__Activity__: Your copy should match the listing word for word, apart from the pictures, which are left out.

__Provided data__:
-=-=-=-=-

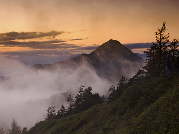 長野県志賀高原で10月の夕刻に撮った作品です。撮影地に着いた時はあたり一面雲に覆われ真っ白でした。しばらくすると雲が流れ始め、少しずつ晴れてきて周りの山々が見えてきて感動の瞬間でした。山の神様が夕暮れと相まって素晴らしい情景を見せてくれました。
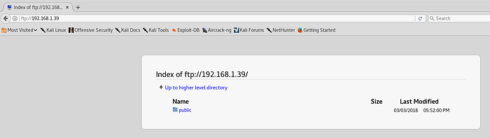 The service is setup to allow for anonymous authentication with access to view a folder called “public”. Using my web browser, I can view the public directory:
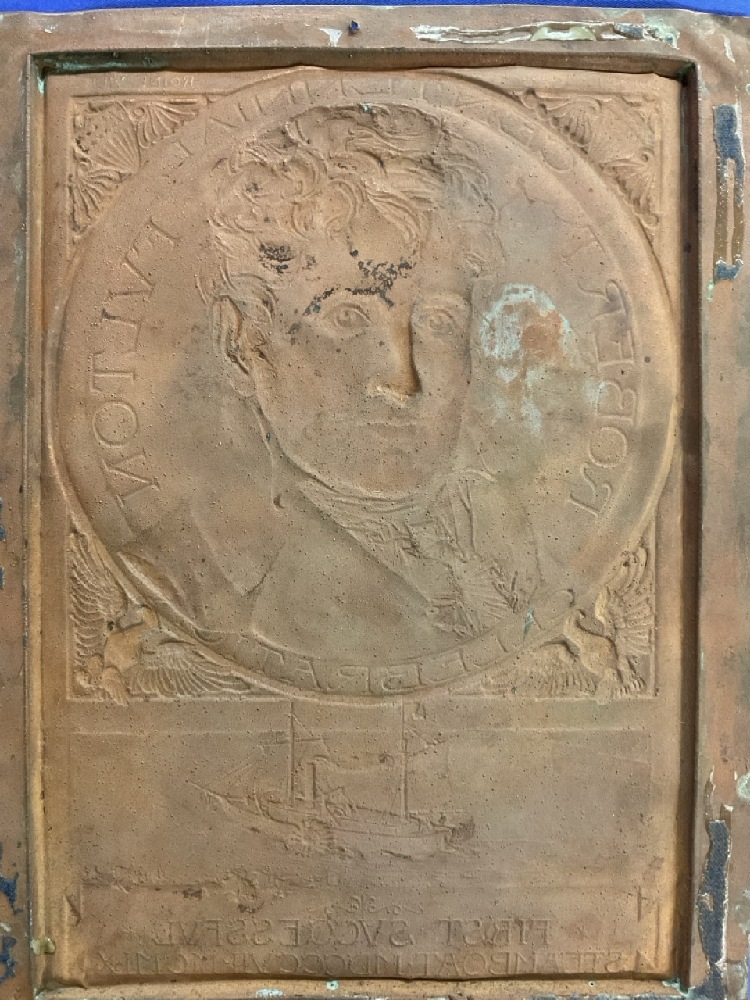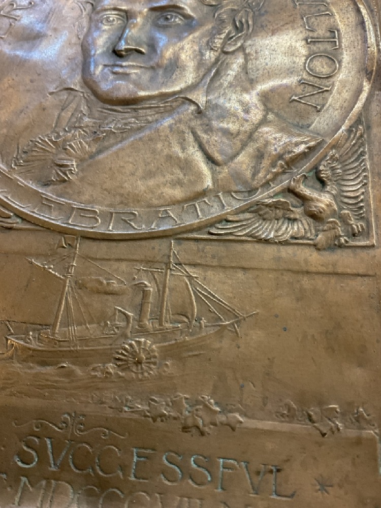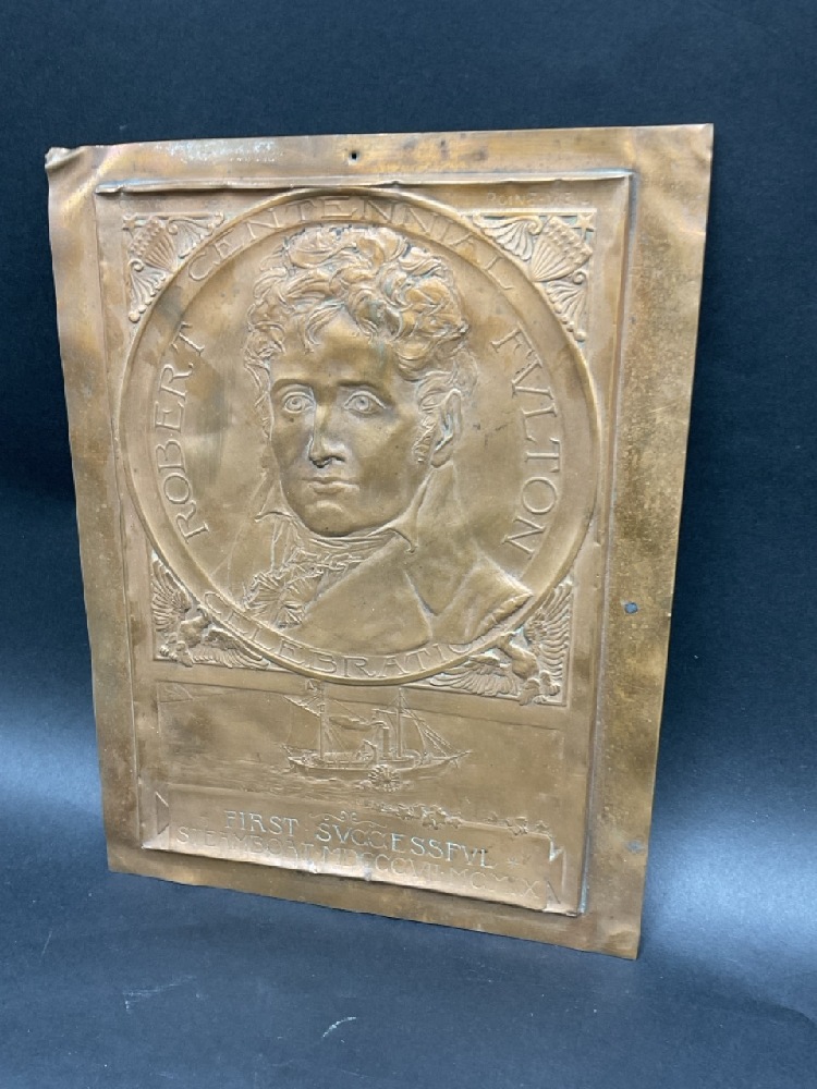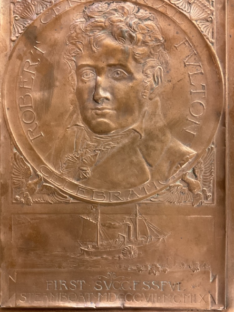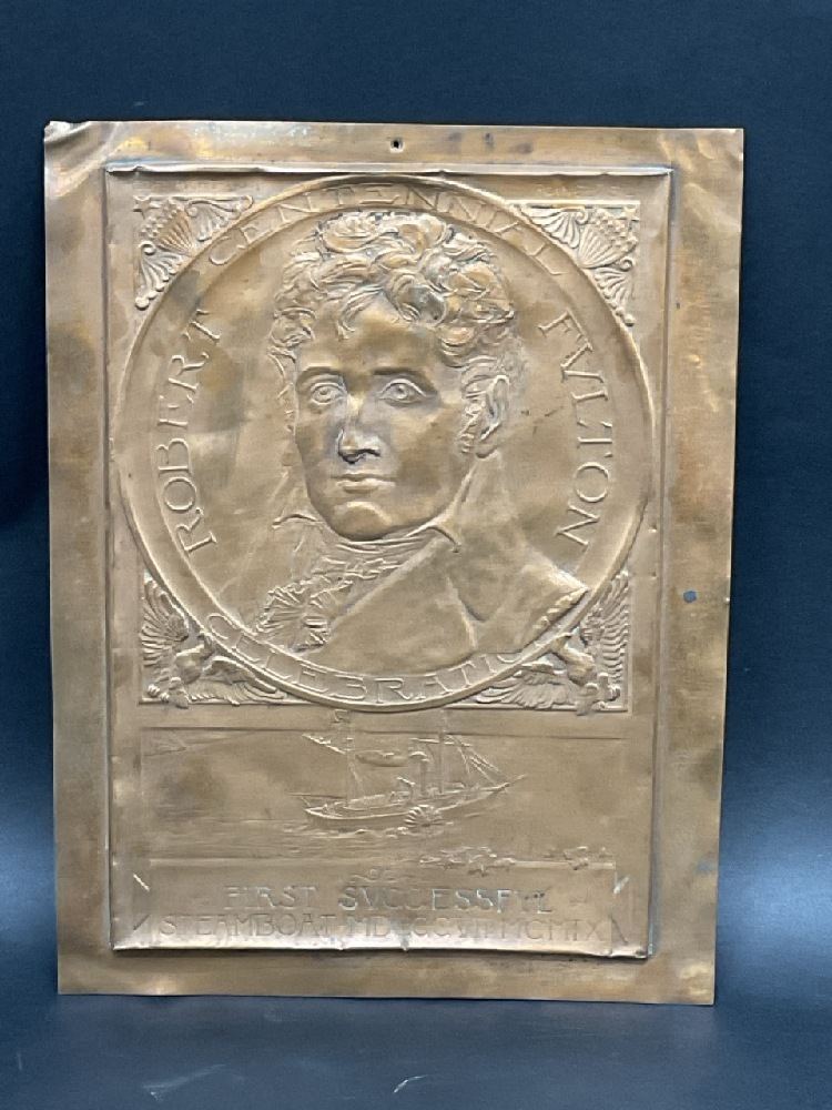 Robert Fulton Hudson Fulton Celebration Copper Plaque. Designed by Roine-Weil 1909 Dated. "First Successful Steamboat MDCCCVII- MCMIX.

-=-=-=-=-

__Exercise answer__:
 長野県志賀高原で10月の夕刻に撮った作品です。撮影地に着いた時はあたり一面雲に覆われ真っ白でした。しばらくすると雲が流れ始め、少しずつ晴れてきて周りの山々が見えてきて感動の瞬間でした。山の神様が夕暮れと相まって素晴らしい情景を見せてくれました。
 The service is setup to allow for anonymous authentication with access to view a folder called “public”. Using my web browser, I can view the public directory:
 Robert Fulton Hudson Fulton Celebration Copper Plaque. Designed by Roine-Weil 1909 Dated. "First Successful Steamboat MDCCCVII- MCMIX.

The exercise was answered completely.